Определение "личная" в приложении к понятию "собственность" объективно было, конечно же, эвфемизмом, подсознательно призванным заменить абсолютно неприемлемое для нас тогда понятие "частная" (собственность). Мы не задумывались еще над тем, как понимать это наше "общественной, т. е. личной, объединенной с другими личными". Как технологически осуществить это объединение при отсутствии конкурентного рынка? Этот роковой для всех социалистов, включая марксистов, камень преткновения на пути нашей мысли еще не возник. Продолжим, однако, самоцитирование:

"Государственная собственность - это или ничья, или чья-то, украденная у общества, и она поэтому расхищается сверху донизу при малейшей возможности. Человек, ворующий у государства, чувствует себя так же, как рабочий, ворующий у капиталиста... И даже свободней, т. к. капиталист - это человек и владелец, а государство безлично... В огромную безынициативную массу включились и непосредственные руководители производства, ценность руководителя перестала быть ценностью руководителя и превратилась в ценность приказчика. Неравноправие между рабочим и предпринимателем было оправдано в производстве инициативностью предпринимателя. Неравноправие между рабочими и приказчиками ничем в производстве не будет оправдано, кроме большей заинтересованности приказчика в результате труда. Но для этой заинтересованности нет никаких производственных оснований, и она может быть создана только законодательно, т. е. диктатором".

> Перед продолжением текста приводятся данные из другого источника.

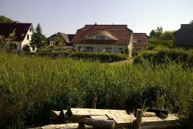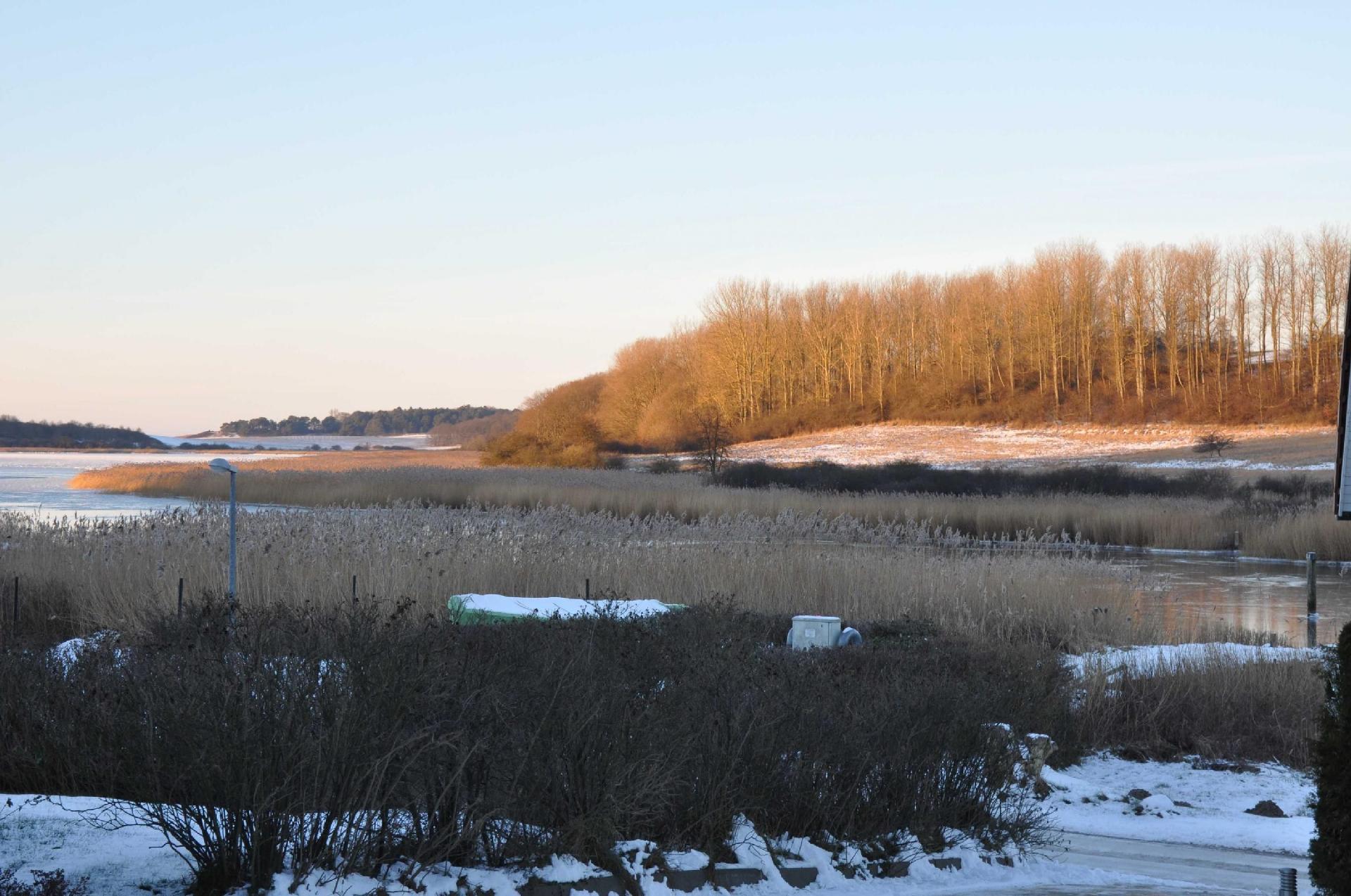 Das geräumige Ferienhaus liegt an der Dorfstraße etwas hangaufwärts. Die Dorfstraße mit Anliegerverkehr ist nur an einer Seite bebaut und läuft parallel zur Uferwiese, dem Schilfgürtel und dem Wasser. Die nächsten Einkaufs- und Ausgehmöglichkeiten befinden sich ca. 4 km entfernt.

Итак, живые догадки причудливо сосуществовали с мертвыми, но агрессивными штампами идеологической казенки. И эту впившуюся в плоть нашей мысли колючую проволоку мы упорнейше, искренне, неподдельно силились ("исторически", "диалектически", "объективно" и т. д.) оправдать. Вчитайтесь, преодолев путанность рассуждений, в непосредственное продолжение предыдущей цитаты:

"Может быть создана, но в советском социалистическом производстве просто исключена - оплата труда по должности вместо оплаты по результату труда. Государство-капиталист заинтересовано в том, чтобы быть сильным государством, и лишь постольку поскольку мощь его слита с экономической мощью страны, оно подчиняет всю свою деятельность усилению именно производственной мощи. Но когда в нем животным (а не социальным) инстинктом самозащиты заслоняется эта простейшая социально-экономическая аксиома - единство мощи экономической и политической, - тогда возникают внепроизводственные зависимости, и тогда государству грозит катастрофа. Государство-капиталист (а в феодализме абсолютный монарх) обрекает себя на гибель, если истощает систему, т. к. как бы ни выглядела эта зависимость, но государственность и абсолютизм существуют постольку и столько, поскольку и сколько в них будет нуждаться производитель".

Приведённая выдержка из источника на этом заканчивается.